Columbia, USA - Under the conventional wisdom about Southern Baptists -- a group that has in the past condemned Mormonism as a cult and its followers as non-Christian -- devout Baptist Rex Rish should quickly dismiss the idea of voting for a Mormon for president.
Except that he doesn't.
"If they can fix this country, I'd vote for someone with purple polka dots," says Rish, after a recent Sunday service at the historic First Baptist Church here.
Since their founding in 1830, Latter-day Saints have faced critics who say the religion doesn't fit within the Christian fold. And nowhere in the United States is that concern as palpable as deep in the Bible Belt of the South, where Baptist and Protestant faiths are woven into the community fabric.
As Mormons Mitt Romney and Jon Huntsman Jr. consider GOP presidential bids, they face questions of whether their faith might pose a hurdle in this part of the country.
The South Carolina primary is not just another hurdle for party hopefuls. The winner of its Republican presidential primary has gone on to win the GOP nomination in every election since 1980. Its place as one of the first four contests in the nation and the first in the South -- no date has yet been set -- helps secure its importance in the process.
The good news for the two LDS hopefuls is that residents say their attitudes are shifting, slowly, in the political arena.

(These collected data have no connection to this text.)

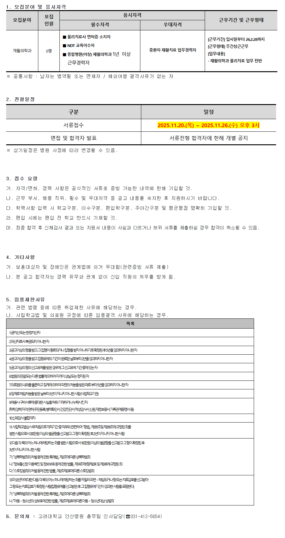 6. ¹®ÀÇó : °í·Á´ëÇб³ ¾È»êº´¿ø Ãѹ«ÆÀ Àλç´ã´ç(¢Ï***-****-****
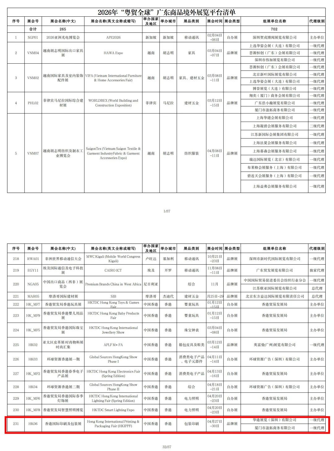 新年伊始,正是擘畫藍圖、布局全年的關(guān)鍵時刻。也正是在這辭舊迎新的節(jié)點上,廣東省商務(wù)廳于近日正式發(fā)布了《2026年“粵貿(mào)全球”廣東商品境外展覽平臺清單》,如同一份及時而至的“新年出海指南”,為全省外貿(mào)企業(yè)新一年的揚帆遠航指明了首批265個星光坐標(biāo)。這份名錄的發(fā)布,不僅標(biāo)志著新一年國際市場開拓工作的全面啟動,更承載著在復(fù)雜全球經(jīng)濟形勢下,助力企業(yè)穩(wěn)訂單、拓市場、樹品牌的堅定決心。
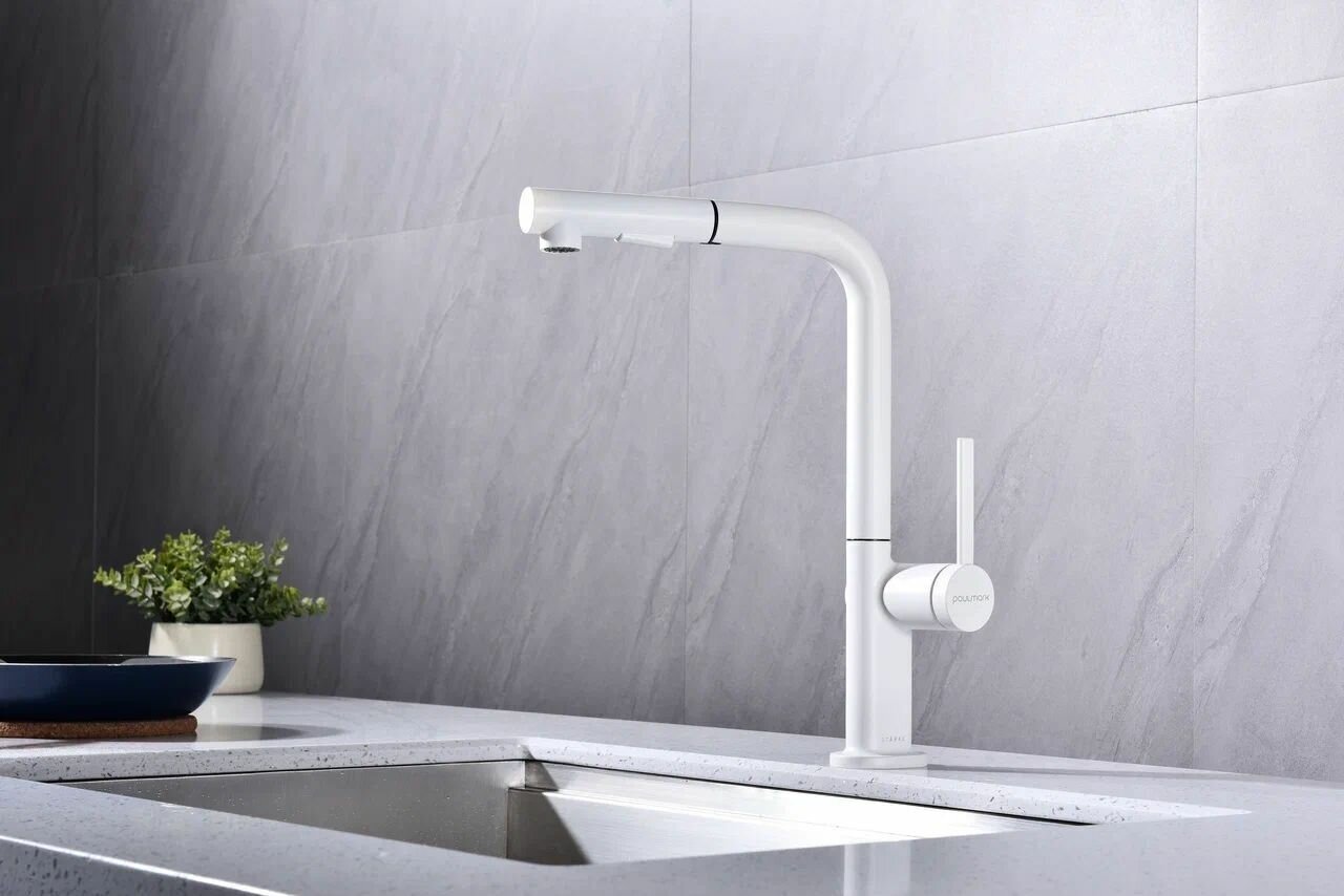 Смеситель для кухни Paulmark Dosse с выдвижной лейкой белый матовый Do214418-431
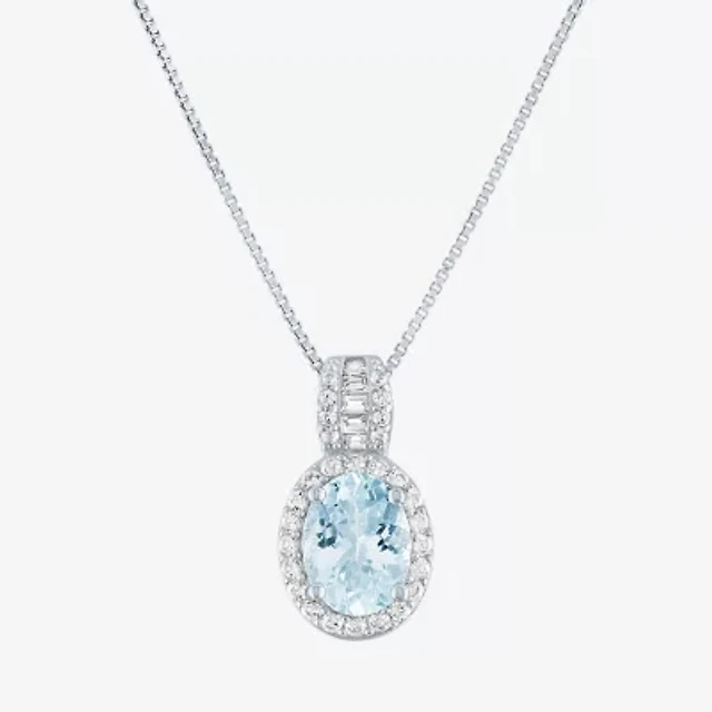 Womens Genuine Blue Topaz Sterling Silver Hamsa 18 Inch Pendant Necklace
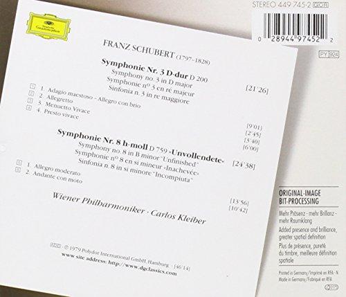 カルロス・クライバーのレコーディングというのはきわめてめずらしい出来事なので、ほとんどの場合、待つ価値がある。この「未完成」の演奏は模範的である――直截(ちょくせつ)で、飾り気がなく、演奏振りはすばらしく、集中力も途切れない。ウィーン・フィルハーモニー管弦楽団がこのプロセスに熱意をもって参加することにまったく問題はなく、彼らのいつもの温か味と持ち前の様式感覚が生かされている。とても心地のよい交響曲第3番では、物議をかもすほどの速いスピードでビュンビュン飛ばす第2楽章があって、楽しい練習に出かけるような気にさせてくれる。手ごろな価格で再発売されたこのディスクは優れた価値があり、とりわけ「未完成」を大作として扱っているところがすばらしい。クライバーが示すとおり、これは注目に値する。
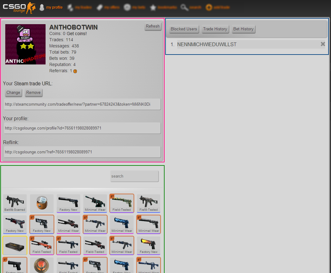 Dans la partie des infos de votre profil, vous pouvez ajouter le lien pour recevoir un trade à distance, le bouton "refresh" permet de rafraichir les données de votre profil, y compris votre inventaire (pas immédiat pour l'inventaire). Dans la partie droite, vous pouvez afficher les utilisateurs bloqués avec "Blocked Users", vous pouvez aussi voir vos anciennes offres dans "Trade History" et vos anciens paris dans "Bet History".
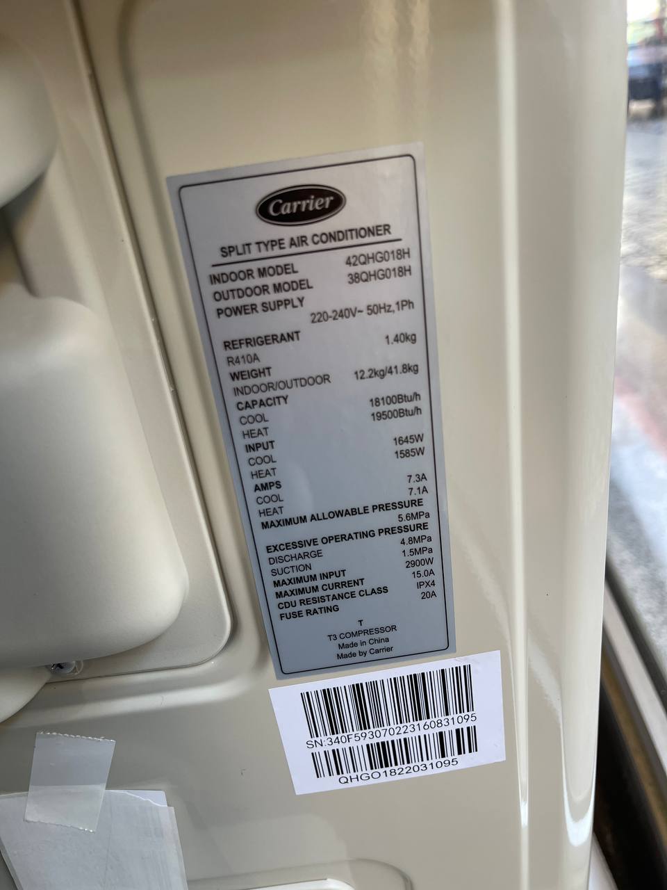 کولر گازی کریر 18000 T3 آمریکایی R410
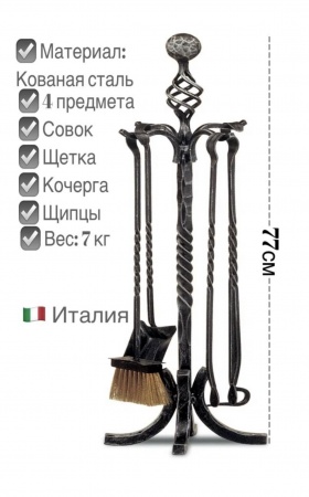 Аксессуары для камина набор кованый из 4 предметов К102 традиционного черного цвета и классического дизайна от итальянской фирмы COMEX. Стойка с кованой скрученной фигурой вверху, в середине стойку украшает скрутка. На стойке кованые крючки для аксессуаров. На крючках 4 предмета для ухода за камином/печью : щетка, совок, кочерга и щипцы. Коваными элементами украшены и длинные ручки предметов. Ковка придает всем предметам более классический вид и делает металл более долговечным.
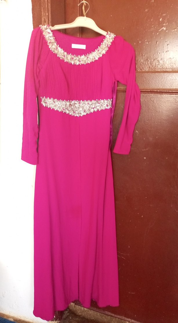 Pembe, parlak renkli, uzun kollu, tek parça abiye elbise. İpek gibi kumaştan, tekdüze ve drapeli tasarıma sahip, klasik ve vintage stilinde..
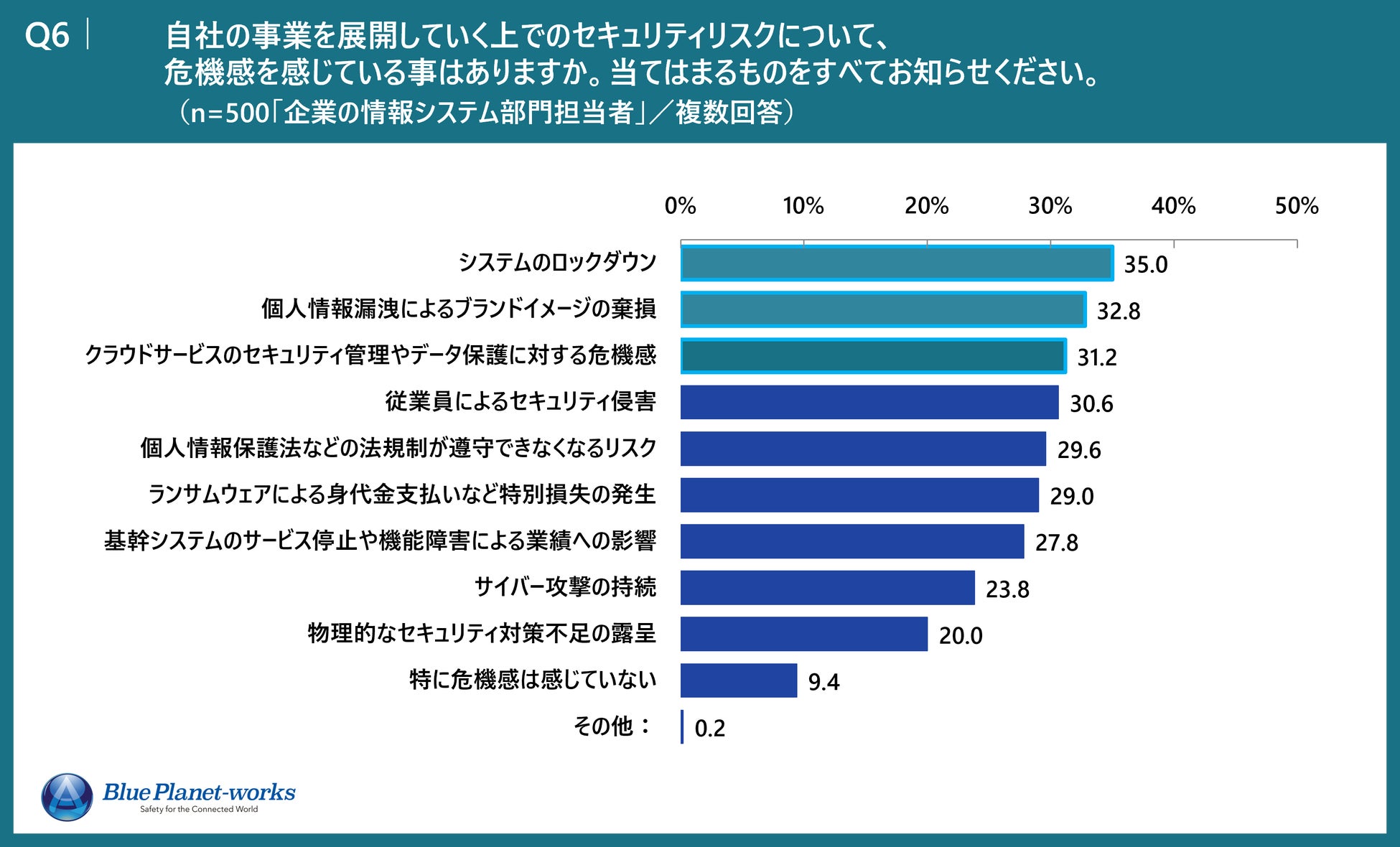 また、自社の事業を展開する上でのセキュリティリスクについて、危機感を感じているTOP3は「システムのロックダウン(35.0%)」「個人情報漏洩によるブランドイメージの棄損(32.8%)」「クラウドサービスのセキュリティ管理やデータ保護に対する危機感(31.2)」となりました。
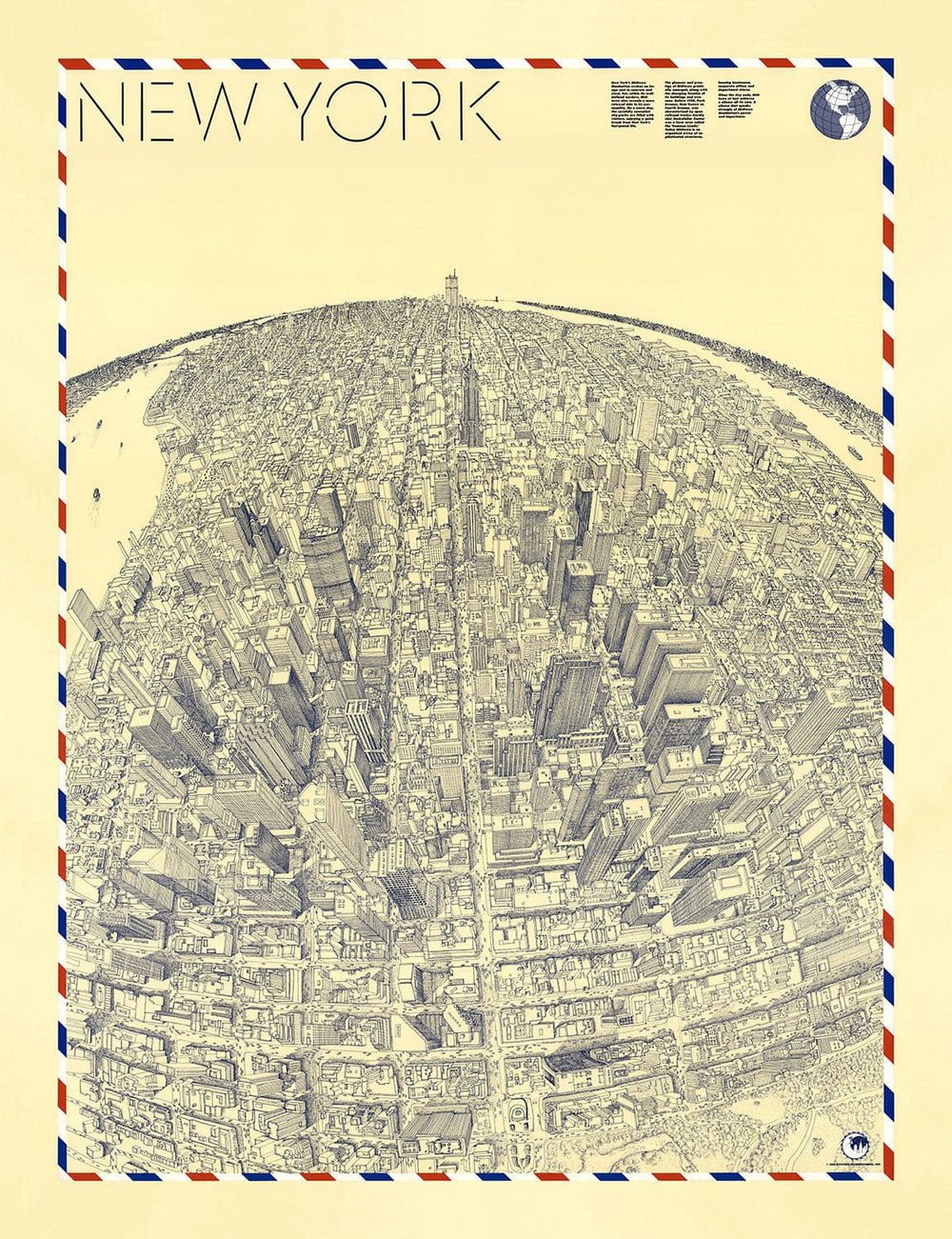 También tengo un mapa de vista de pájaros similar de Nueva York, pero desde 1849, ¡si estás buscando algo un poco más histórico!

Rish, for one, acknowledges he doesn't believe members of The Church of Jesus Christ of Latter-day Saints are "doctrinally correct." But he says his decision in supporting candidates is more about what they stand for than what church they pray in.
"I'd like a candidate to be a mirror image of me, but that's not going to happen," he says. "So the best I can do is vote for the one that will run the country the best."
If perceptions have changed toward Mormons, the explanation may lie partly in the Salt Lake City-based church's expansion.
In 1980, the church counted 11,881 members in South Carolina. In the 1990s, there were 23,000. Now, the church says, there are 36,947 members.
That still makes Mormons a tiny minority in a state of more than 4.5 million. Some 45 percent of South Carolinians align themselves with an evangelical Protestant tradition, according to a survey by the Pew Forum on Religion and Public Life.
The Rev. Wendell Estep, revered pastor of the First Baptist Church here, says he believes Mormonism is a cult. He also says President John F. Kennedy's ability to overcome concerns about his Catholic faith in 1960 was a turning point in how people view religion and elected office.
"Of course, South Carolinians will be interested in a person's relationship to God," Estep says during a recent visit to his office. "I think that's a part of our heritage. They're also going to be interested in the economy, interested in jobs, they're going to be interested in the Constitution, interested in those basic issues."
The Mormons' ranks are thin in South Carolina's political world. In the 170-member state legislature, only Rep. Alan Clemmons, a real estate attorney in Myrtle Beach, is a Mormon.
A fourth-generation Mormon, Clemmons says when he first ran for office in 2000 he heard rumblings of an anti-Mormon campaign against him -- over-the-back-fence whisperings about his faith.
He lost that race for a state Senate seat against an entrenched Democrat, but two years later won a seat in the state House, where he remains.
"South Carolina has been described as the buckle of the Bible Belt, and I'm proud to be part of the Bible Belt mentality," Clemmons says.
Signs are cropping up that diverse candidates are more welcome.
Last year, the state voted in Republican Gov. Nikki Haley. The first-generation American was raised in the Sikh faith by her parents, who immigrated from India. She married a Methodist six years ago and now considers herself a Christian.
The state also elected its first black Republican to Congress, Tim Scott, last November.
During Romney's 2010 bid, anti-Mormon literature occasionally reached voters' mailboxes and inboxes. One card, purporting to come from the Boston LDS Temple, quoted the late LDS Apostle Orson Pratt about plural marriage.
Richard Land, president of the 16.3 million-member Southern Baptist convention's ethics and moral arm, says Baptists consider Mormonism "another religion. It's not Christianity."
Land noted that if two candidates were equal in all other things but one was a Mormon and one an evangelical Protestant, Baptists would go for the evangelical.
But if a Mormon aligns more with their values, he or she could find support, Land said.